Since tribal lands are considered sovereign nations not under the authority of federal agencies, the EPA/Indian partnerships are unique, said Jed Harrison, director of the EPA's Radiation and Indoor Environments Laboratory in Las Vegas. The attention to tribal land came after Congress amended the Clean Air Act in 1990.
The EPA spent about $1.2 million to set up the center to teach tribes to study the quality of reservation air, which can affect and be affected by neighboring air quality.
"It's the concept of helping them help themselves," Harrison said of the three-day training sessions that take participants from an 800-page reference book filled with federal air quality regulations to learning how to sample the air outdoors.
Another $800,000 has been spent in three grants to the Salt River Pima-Maricopa Indian Community near Scottsdale, Ariz., for equipment and basic training, B. Bobby Ramirez, an air quality engineer, said.
Tribal leaders bring a unique perspective to the EPA.
"Tribes are tied to Mother Earth, so there is a cultural dimension to the technical work," Ramirez said.
Ramirez began his work as an air quality technician in El Paso, Texas, but moved to Arizona three years ago because of the opportunity for advanced training.
"This program is building a tribe's capacity to monitor the environment, the same as states and local governments have had for the past 20 years," Ramirez said.
"It's a two-way street," Harrison said. The EPA gains new information about the environment as well as tribal cultural concerns, he said.
"Most reservation lands are considered rural areas," Dwayne Beaver of the Cherokee Nation of Oklahoma, said. Those lands were considered pristine.
But ozone levels discovered on Cherokee lands drifting from Tulsa about 50 miles away surprised both federal officials and tribal representatives, Beaver said.

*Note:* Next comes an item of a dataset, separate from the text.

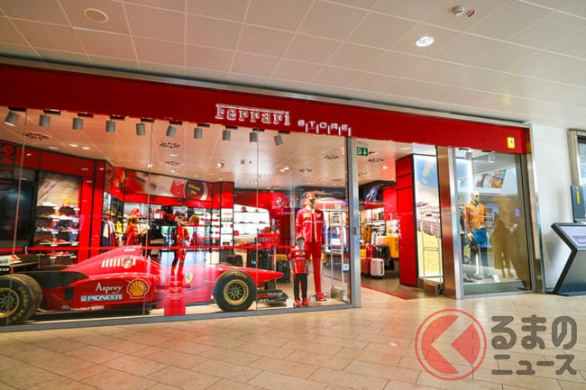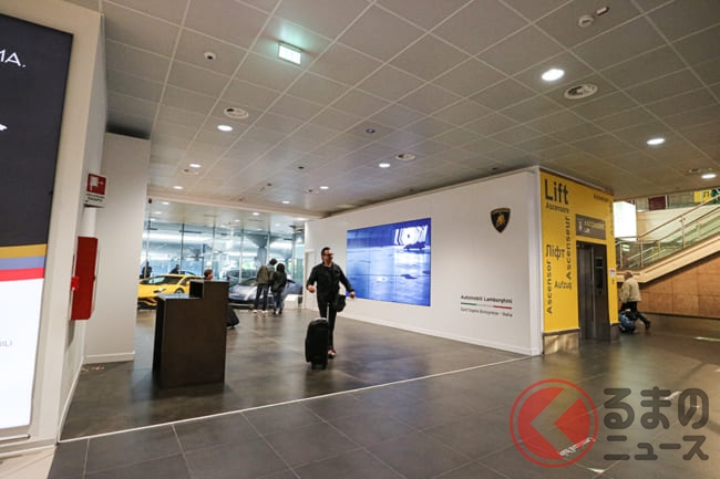 そのため、ボローニャ空港にはランボルギーニのヒストリックカーや現行車が飾られているブースがあるほか、フェラーリ・ストアも入っています。

Beaver said he has been monitoring air pollution for three years and started training as an instructor in November.
Classroom training has been available over the past three years at the Institute for Tribal Environmental Professionals, said Dennis Wall of the institute, but there was no hands-on experience.
The institute has four major environmental programs covering training in air quality and environmental education, a tribal environmental resource center and professional training such as that done with EPA, Wall said.

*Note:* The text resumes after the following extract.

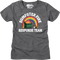 This womens 80sTees.com exclusive shirt shows a sparkling rainbow above a dumpster that is on fire. The shirt features a racoon that is a member of the highly trained Dumpster Fire Response Team.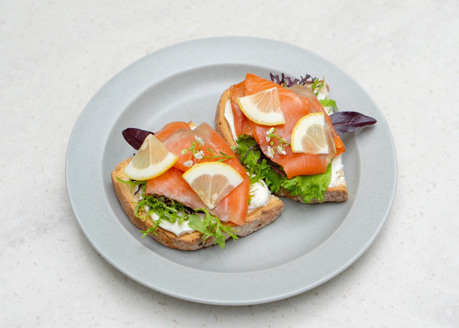 ・サワークリームとスモークサーモンのオープンサンド

"The tribes have the same concerns about the environment everybody else does," Wall said, noting that 125 tribes have teamed up with the EPA and the institute to learn about air pollution monitoring.

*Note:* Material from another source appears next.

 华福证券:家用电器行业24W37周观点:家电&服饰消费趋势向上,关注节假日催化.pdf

For David Sanchez of the Pojoaque Pueblo near Santa Fe, N.M., it was the first time he had worked with a dust sampler that can measure particles of 2.5 microns, a fraction of a human hair's width.
Sanchez and Adam Duran, also of Pojoaque Pueblo, will take back fresh knowledge to their people living 15 miles north of Santa Fe.
Duran said he had done ground water sampling and indoor air pollution studies before coming to the Las Vegas training center.